Si necesitas cualquier cosa con la mudanza, no dudes en llamarme —dijo Robbie mirándola fijamente con sus oscuros ojos azules, y ella creyó ver en ellos la calma que precedía a la tempestad.

Rindiéndose a un impulso adolescente, casi infantil, apartó la vista momentáneamente para no mirarlo. Los ojos de aquel entrenador de caballos, que se habían ganado el cariño de su propio hijo, la estaban haciendo flaquear.

Amanda asintió educadamente, incapaz de decir nada más sin poner en evidencia todo lo que estaba sintiendo, y levantó un poco los pies para sacar sus zapatos de tacón de la tierra.

Gracias, Robbie —acertó a decir—. Ya tenemos casi todo montado, pero es muy amable por tu parte. 

En ese momento, gracias al cielo, encontró las llaves del coche y las introdujo en la cerradura.

Gracias a ti por dejarme darle clases a Kiefer —replicó él—. Es un gran chico.

Aunque se sintió orgullosa por el comentario de Robbie, no dejó que eso le emocionara.
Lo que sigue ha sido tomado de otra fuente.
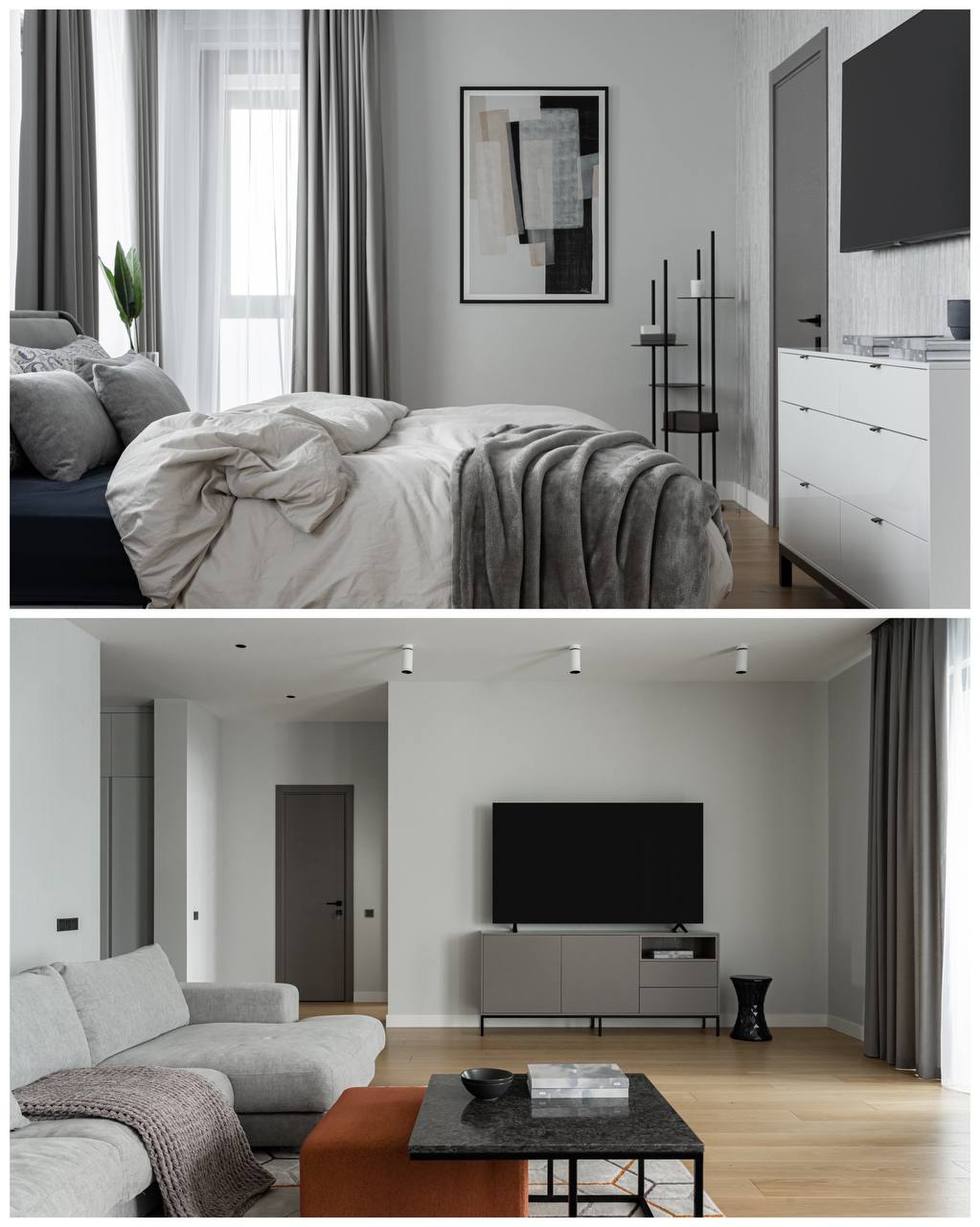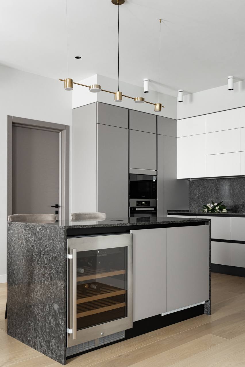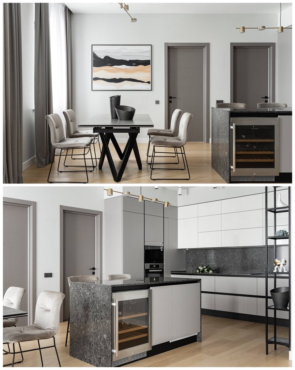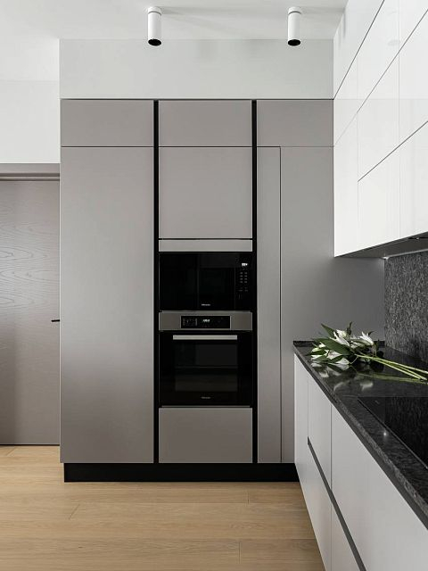 В проекте были использованы межкомнатные двери от фабрики Терем из коллекции Techno (модель Porte 01, в покрытии шпон «крашенный ясень»), которые со слов самого дизайнера отлично гармонируют с интерьером и задают определенный ритм фону.Приятно внести свой вклад в такой стильный интерьер. Благодарим за доверие Анастасию Никитину.

Si permitía que el halago se uniera a todo lo que estaba experimentando hacia aquel hombre, estaría definitivamente perdida.

Soy yo quien está agradecida por eso —dijo asintiendo nerviosa de nuevo—. Buenas noches, Robbie —añadió abriendo la puerta de su coche y entrando mientras se despedía con un gesto.

Él debió de hacer lo mismo, pero Amanda no lo vio en ese momento, porque al entrar en el coche prefirió afanarse en quitarse el bolso y ponerse el cinturón para arrancar lo antes posible.

Sólo cuando ya estuvo a unos cuantos metros del aparcamiento, miró de reojo por el espejo retrovisor y lo vio de pie, en el mismo sitio en que lo había dejado.

Supo que la estaba mirando, y un extraño placer de orgullo femenino recorrió sus venas a toda velocidad, haciéndola sentir más viva de lo que se había sentido en mucho tiempo.

Aquello era peligroso.

Fue entonces cuando decidió que, pasara lo que pasase, se mantendría alejada de Robbie Preston.